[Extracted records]
--*--

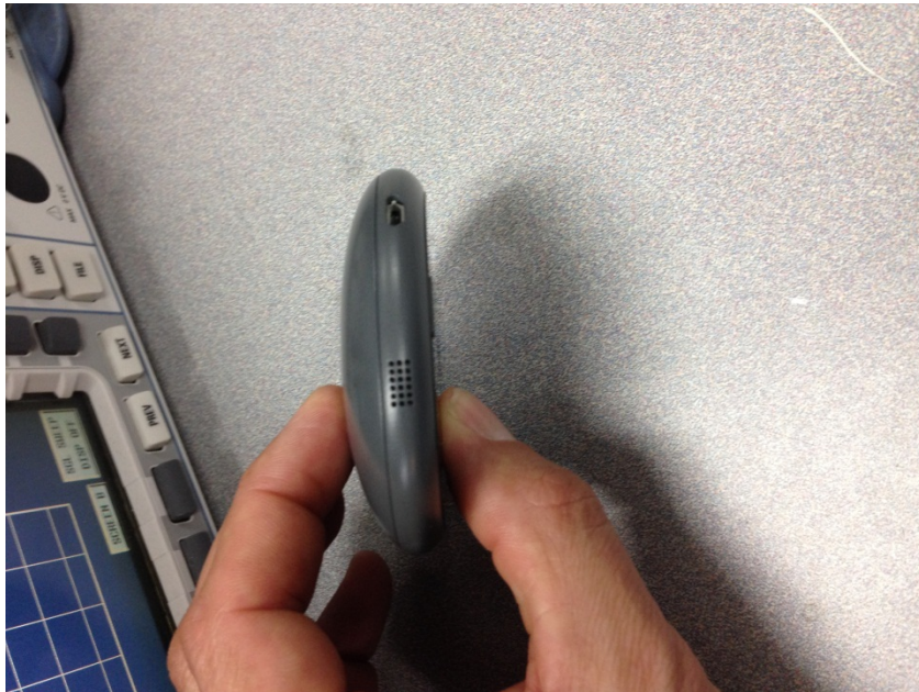
Side view #3
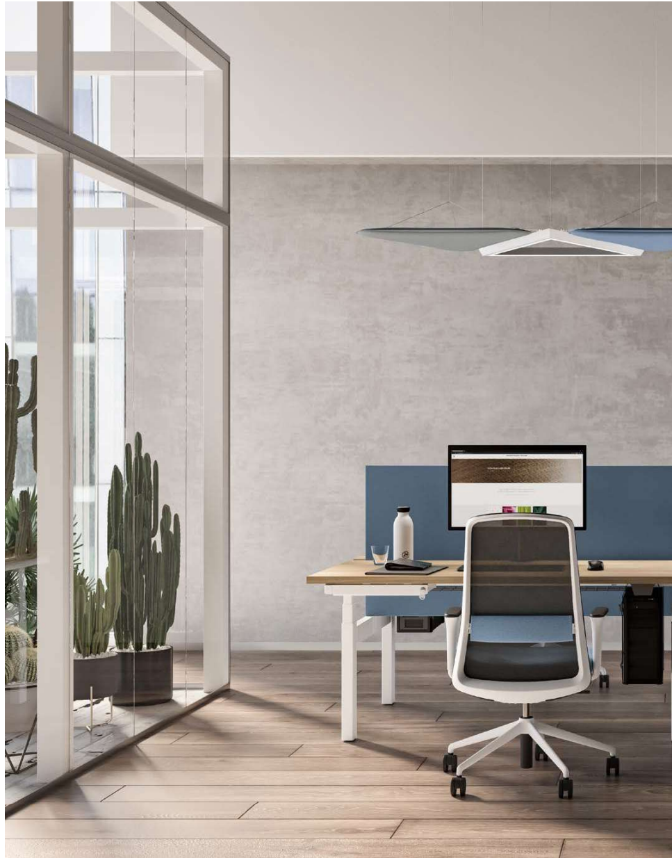
DIADE ROCK task chair | B01/014 fabric and R09/361 mesh, White frame UP&UP bench desk | Elm top, White legs and B01/014 fabric screen LIGHTSOUND system | B01/014 and B01/012 Cloak panels and Matt White Triangle lamps
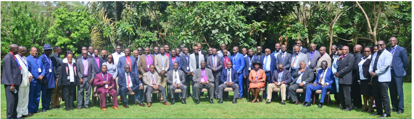
Frontline church partners with the guest speakers and the Compassion team.
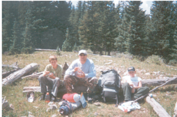
Fallen timber in one of the high mountain meadows on the trail to Lost Lake provides the hikers with a comfortable rest stop and a scenic place to eat. Frequent stops on the first part of the climb helped acclimatize the hikers.

The climb is not a light undertaking. The Wheeler Peak trail starts at around 8,700 feet and rises an additional 4,500 feet on the nine mile trail. Most years, snow is around even in August and September. It gets very cold at night and sometimes storms, hidden by the mountain, come up quickly. You have to be prepared. David said, "Some sort of training is recommended before attempting a hike like this. We started by building up our endurance by walking and climbing, then walking and climbing with a load. You have to pack in food, clothes, sleeping bags, tents and everything you might need for three days of hiking and camping in the wilderness." David, Mark and the boys started their hike on a Saturday morning in August. They hiked by fast flowing streams; through a pine
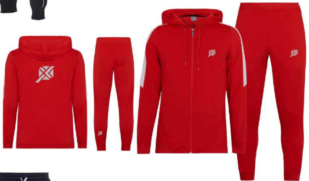
XW-FW-1303 Body: 100% nylon. Lining: 100% polyester. Machine wash.
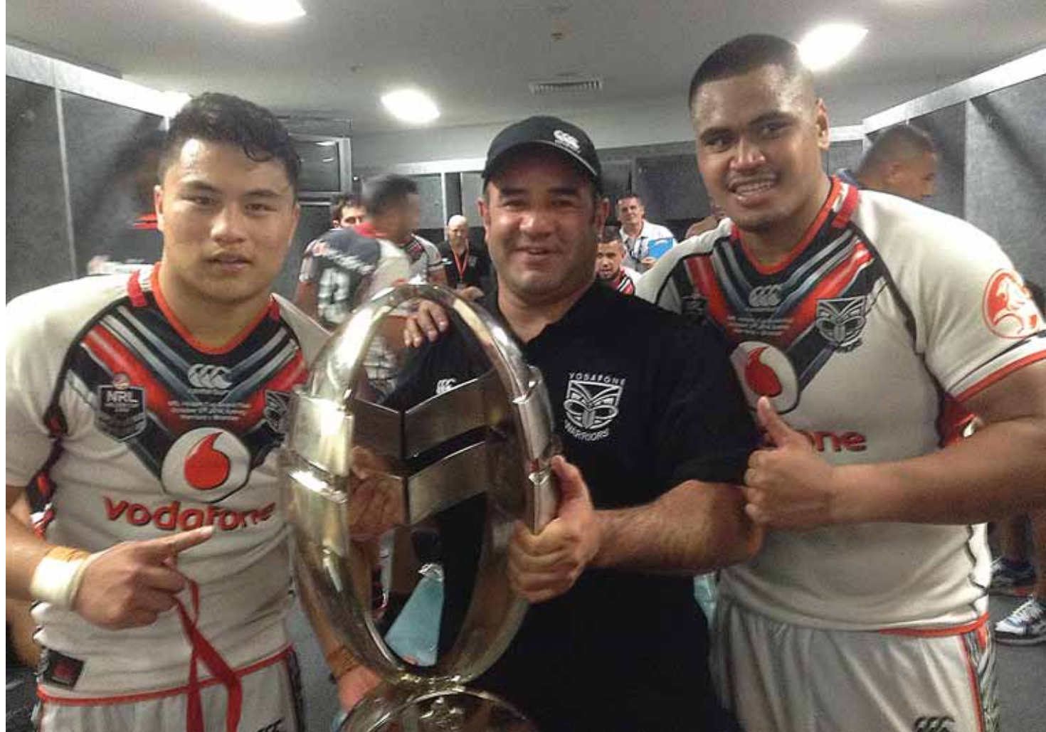
The co-captains share the trophy with the coach. Lovely stuff!
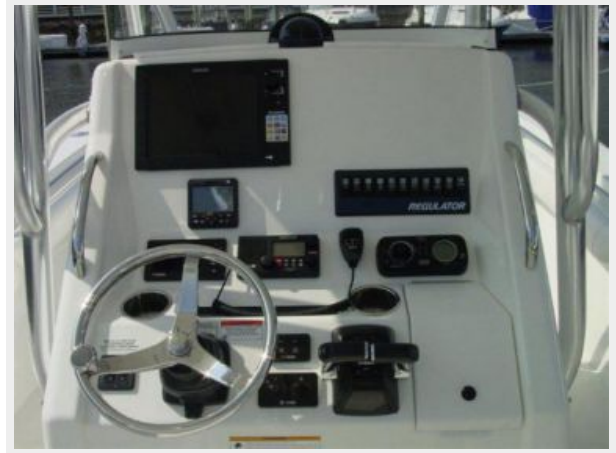
Electronics & Navigation

--*--

WORK ITEM:
Give the entries above again word for word, without any pictures.

ANSWER SECTION:
Side view #3
DIADE ROCK task chair | B01/014 fabric and R09/361 mesh, White frame UP&UP bench desk | Elm top, White legs and B01/014 fabric screen LIGHTSOUND system | B01/014 and B01/012 Cloak panels and Matt White Triangle lamps
Frontline church partners with the guest speakers and the Compassion team.
Fallen timber in one of the high mountain meadows on the trail to Lost Lake provides the hikers with a comfortable rest stop and a scenic place to eat. Frequent stops on the first part of the climb helped acclimatize the hikers.

The climb is not a light undertaking. The Wheeler Peak trail starts at around 8,700 feet and rises an additional 4,500 feet on the nine mile trail. Most years, snow is around even in August and September. It gets very cold at night and sometimes storms, hidden by the mountain, come up quickly. You have to be prepared. David said, "Some sort of training is recommended before attempting a hike like this. We started by building up our endurance by walking and climbing, then walking and climbing with a load. You have to pack in food, clothes, sleeping bags, tents and everything you might need for three days of hiking and camping in the wilderness." David, Mark and the boys started their hike on a Saturday morning in August. They hiked by fast flowing streams; through a pine
XW-FW-1303 Body: 100% nylon. Lining: 100% polyester. Machine wash.
The co-captains share the trophy with the coach. Lovely stuff!
Electronics & Navigation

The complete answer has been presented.